Según Samudio, los vecinos y miembros del Comité Pro Rescate que ‘han osado’ hacer falsos señalamientos están equivocados.
‘Aquí solo hay intereses personales. Si de verdad ellos estuviesen luchando por el refugio, fueran los primeros en ayudar a los funcionarios de la Anam a liberar tortugas, pero ni eso han hecho; no conocen ni las fechas de temporadas en que esto ocurre’, argumentó.
En relación al acceso a la playa, Samudio asegura que ‘está debidamente delimitado en los planos. Los turistas nacionales y extranjeros entran sin ningún problema’.
‘La playa es completamente libre’, dijo. ‘Nosotros no controlamos a los guardaparques. Aunque son pocos, ellos cumplen con sus funciones con la Anam y prueba de ello es que son muchas las diferencias que hemos tenido. Ellos se ubican en la entrada para cobrar a los turistas por ingresar al parque y no para cuidar nuestras propiedades’.
El Refugio de Vida Silvestre Playa La Barqueta Agrícola, creado el 2 de agosto de 1994 por el entonces Instituto de Recursos Naturales Renovables (Inrenare), incluía originalmente 5 mil hectáreas de playas, humedales y zonas boscosas.

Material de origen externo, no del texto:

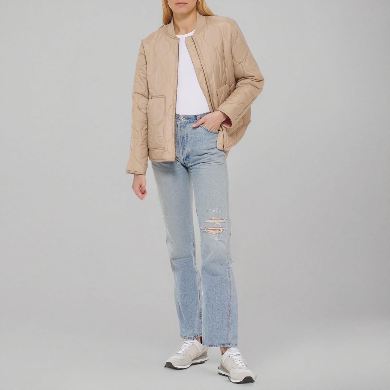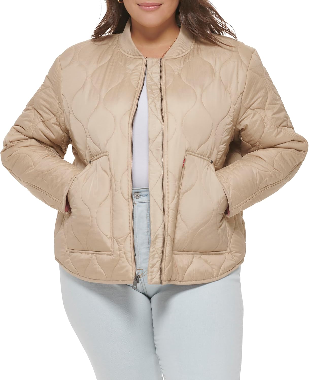 Женская куртка Levi's стеганая с узором "луковица" и карманами, бежевый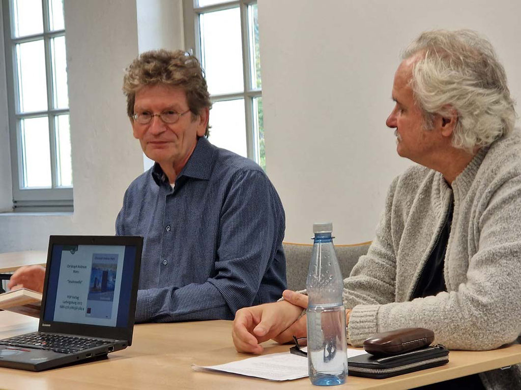 Am Samstagnachmittag fand – ebenfalls inzwischen ein festes Format im Rahmen der Literaturtage – die öffentliche Büchervorstellung in der Akademie Faber-Castell statt. Literarische Neuerscheinungen und Projekte der Mitglieder standen auf dem Programm. Insgesamt zehn Kolleginnen und Kollegen präsentierten, moderiert von Marcus Neuert, ihre neuen Werke. Das große Reservoir reichte von Gedichtbänden, Kurzgeschichten, Novellen, Romanen bis hin zu Sachbuchveröffentlichungen und vermittelte den Anwesenden einen beeindruckenden Querschnitt durch das Schaffen der KOGGE-Autorinnen und -Autoren.
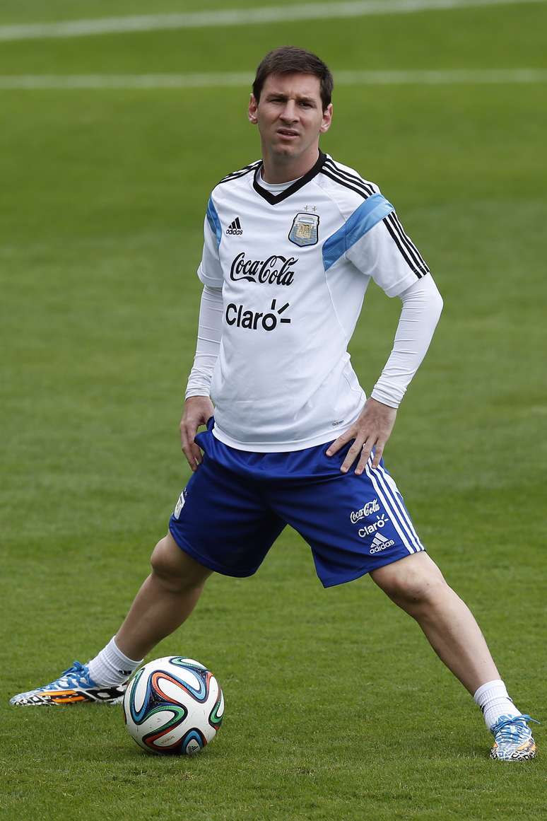 Messi, a grande estrela da seleção argentina, faz exercícios na manhã desta quinta-feira; time estreia contra a Bósnia neste domingo (15)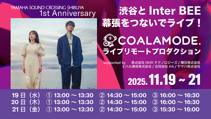 私たちは 渋谷「Yamaha Sound Crossing」 を会場にパフォーマンスを行い、その音声・映像をヤマハの音響機器と各社の通信技術を通じてリアルタイムで幕張メッセの「Inter BEE」会場へ送信します。

El objetivo de delimitar el área del refugio y darle constitución legal era facilitar la conservación y protección de esta zona de anidación de tortugas marinas, aves migratorias y especies endémicas, preservar zonas de manglar por su significativa importancia ecológica para la región.
El plan original también buscaba la promoción del ecoturismo como un instrumento para la sustentación ecológica y económica de la unidad de manejo.